Man I haven't heard that since I got here. Nice one!


----------



## Liam(at)Large (Sep 2, 2012)




----------



## jawnbc (Apr 28, 2012)

I found a mouse in my beer, eh?


----------



## jnbates (Apr 21, 2011)

"How ironic. You came here with a mouse in a bottle - now you're the mouse."

A pubescent classic - HAHAHA!

Geez, who'd wanna hork our clothes, eh?


----------



## slare (Jun 3, 2013)

I have no idea, what "Canada" day is lol.


----------



## Liam(at)Large (Sep 2, 2012)

"Billy wants the models and limousines, while I'm happy with hookers and taxicabs."


----------



## topcat83 (Apr 16, 2009)

I hope you realise that you Canadians could be posting something totally out of order here and myself and the other mods would have no idea 

It reminds me of a (very pretty) friend who gave a Powerpoint presentation to a group of Swedish businessmen.
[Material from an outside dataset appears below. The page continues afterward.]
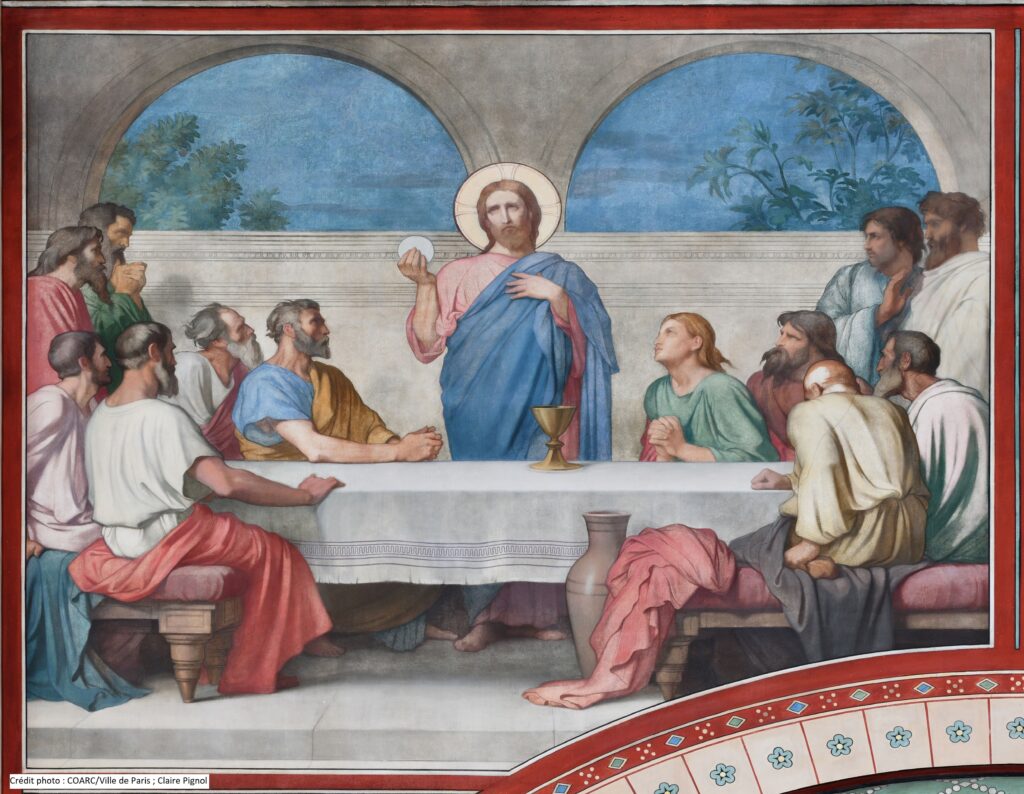 Puis, ayant pris du pain et rendu grâce, il le rompit et le leur donna, en disant : “Ceci est mon corps, donnĂ© pour vous. Faites cela en mĂ©moire de moi.” Et pour la coupe, après le repas, il fit de mĂŞme, en disant : “Cette coupe est la nouvelle Alliance en mon sang rĂ©pandu pour vous.” (Évangile de Luc, 22, 19-20)

For some reason they fell about laughing when she complained about her 'sticky mouse'. 

(note to self: get Canadian friend to explain this post to me!)


----------



## jnbates (Apr 21, 2011)

topcat83 said:


> I hope you realise that you Canadians could be posting something totally out of order here and myself and the other mods would have no idea
> 
> It reminds me of a (very pretty) friend who gave a Powerpoint presentation to a group of Swedish businessmen. For some reason they fell about laughing when she complained about her 'sticky mouse'.
> 
> (note to self: get Canadian friend to explain this post to me!)


Sorry for the delay! Liam(at)Large's quote is from the rock band mockumentary movie 'Hard Core Logo' starring Hugh Dillon, lead singer of Canadian rock band The Headstones.

jawnbc and my references were from Bob and Doug McKenzie, Great White North characters in their movie 'Strange Brew'.

But this little Jim Carrey skit is an old fave of mine:


----------



## jawnbc (Apr 28, 2012)




----------



## jnbates (Apr 21, 2011)

Exactly, eh?


----------